Provided records Block Start
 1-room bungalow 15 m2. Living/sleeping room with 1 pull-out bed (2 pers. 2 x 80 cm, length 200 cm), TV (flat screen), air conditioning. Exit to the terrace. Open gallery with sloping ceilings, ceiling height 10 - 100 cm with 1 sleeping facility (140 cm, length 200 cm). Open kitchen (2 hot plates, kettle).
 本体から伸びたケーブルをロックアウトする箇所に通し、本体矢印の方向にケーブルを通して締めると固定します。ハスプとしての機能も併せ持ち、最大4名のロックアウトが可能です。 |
Provided records Block End
Provided records Block Start
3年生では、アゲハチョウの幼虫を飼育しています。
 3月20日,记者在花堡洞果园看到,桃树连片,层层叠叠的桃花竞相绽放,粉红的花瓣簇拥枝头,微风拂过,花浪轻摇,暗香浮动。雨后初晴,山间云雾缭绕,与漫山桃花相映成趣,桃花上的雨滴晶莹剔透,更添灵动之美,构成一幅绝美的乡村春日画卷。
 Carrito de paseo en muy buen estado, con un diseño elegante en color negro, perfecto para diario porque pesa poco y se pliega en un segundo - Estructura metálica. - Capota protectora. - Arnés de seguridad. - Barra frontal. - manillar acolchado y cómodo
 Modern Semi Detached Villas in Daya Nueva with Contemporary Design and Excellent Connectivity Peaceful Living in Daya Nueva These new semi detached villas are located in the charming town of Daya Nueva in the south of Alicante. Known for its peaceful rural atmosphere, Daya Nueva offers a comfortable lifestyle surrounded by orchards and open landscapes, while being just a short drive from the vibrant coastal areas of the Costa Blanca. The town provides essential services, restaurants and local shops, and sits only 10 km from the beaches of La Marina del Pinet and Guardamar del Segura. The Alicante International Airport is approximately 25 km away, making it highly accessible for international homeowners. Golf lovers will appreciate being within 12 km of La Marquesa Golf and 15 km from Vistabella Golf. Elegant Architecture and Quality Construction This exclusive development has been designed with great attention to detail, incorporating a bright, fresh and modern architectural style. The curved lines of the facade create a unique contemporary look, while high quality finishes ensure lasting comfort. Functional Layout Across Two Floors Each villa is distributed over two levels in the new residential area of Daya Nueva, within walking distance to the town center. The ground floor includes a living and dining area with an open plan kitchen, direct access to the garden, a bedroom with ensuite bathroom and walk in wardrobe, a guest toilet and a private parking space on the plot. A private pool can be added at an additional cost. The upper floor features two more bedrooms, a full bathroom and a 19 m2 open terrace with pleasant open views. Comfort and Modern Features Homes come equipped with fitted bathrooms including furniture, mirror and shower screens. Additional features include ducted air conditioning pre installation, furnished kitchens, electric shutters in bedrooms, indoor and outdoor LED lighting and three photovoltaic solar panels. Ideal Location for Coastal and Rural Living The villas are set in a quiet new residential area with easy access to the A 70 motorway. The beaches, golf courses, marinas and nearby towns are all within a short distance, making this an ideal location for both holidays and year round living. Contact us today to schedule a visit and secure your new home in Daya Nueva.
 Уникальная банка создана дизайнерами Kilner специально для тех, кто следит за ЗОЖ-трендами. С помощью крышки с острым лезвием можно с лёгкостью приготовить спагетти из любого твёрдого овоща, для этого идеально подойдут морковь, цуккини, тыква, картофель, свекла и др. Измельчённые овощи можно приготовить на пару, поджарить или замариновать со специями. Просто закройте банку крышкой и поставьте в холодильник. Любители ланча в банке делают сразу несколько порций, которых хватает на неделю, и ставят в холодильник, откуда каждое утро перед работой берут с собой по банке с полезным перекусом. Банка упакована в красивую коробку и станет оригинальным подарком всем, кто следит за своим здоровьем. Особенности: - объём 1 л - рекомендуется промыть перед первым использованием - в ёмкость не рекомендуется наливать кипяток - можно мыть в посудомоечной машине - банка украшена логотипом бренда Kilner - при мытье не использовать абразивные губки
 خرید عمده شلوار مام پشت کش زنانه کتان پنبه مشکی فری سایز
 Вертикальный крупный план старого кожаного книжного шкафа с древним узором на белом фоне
Provided records Block End
● What is needed:
Using the data above, reproduce exactly the lines from the line that contains "3年生では、アゲハチョウの幼虫を飼育しています。" through the line that contains "Carrito de paseo", including both.

● Task result:
3年生では、アゲハチョウの幼虫を飼育しています。
 3月20日,记者在花堡洞果园看到,桃树连片,层层叠叠的桃花竞相绽放,粉红的花瓣簇拥枝头,微风拂过,花浪轻摇,暗香浮动。雨后初晴,山间云雾缭绕,与漫山桃花相映成趣,桃花上的雨滴晶莹剔透,更添灵动之美,构成一幅绝美的乡村春日画卷。
 Carrito de paseo en muy buen estado, con un diseño elegante en color negro, perfecto para diario porque pesa poco y se pliega en un segundo - Estructura metálica. - Capota protectora. - Arnés de seguridad. - Barra frontal. - manillar acolchado y cómodo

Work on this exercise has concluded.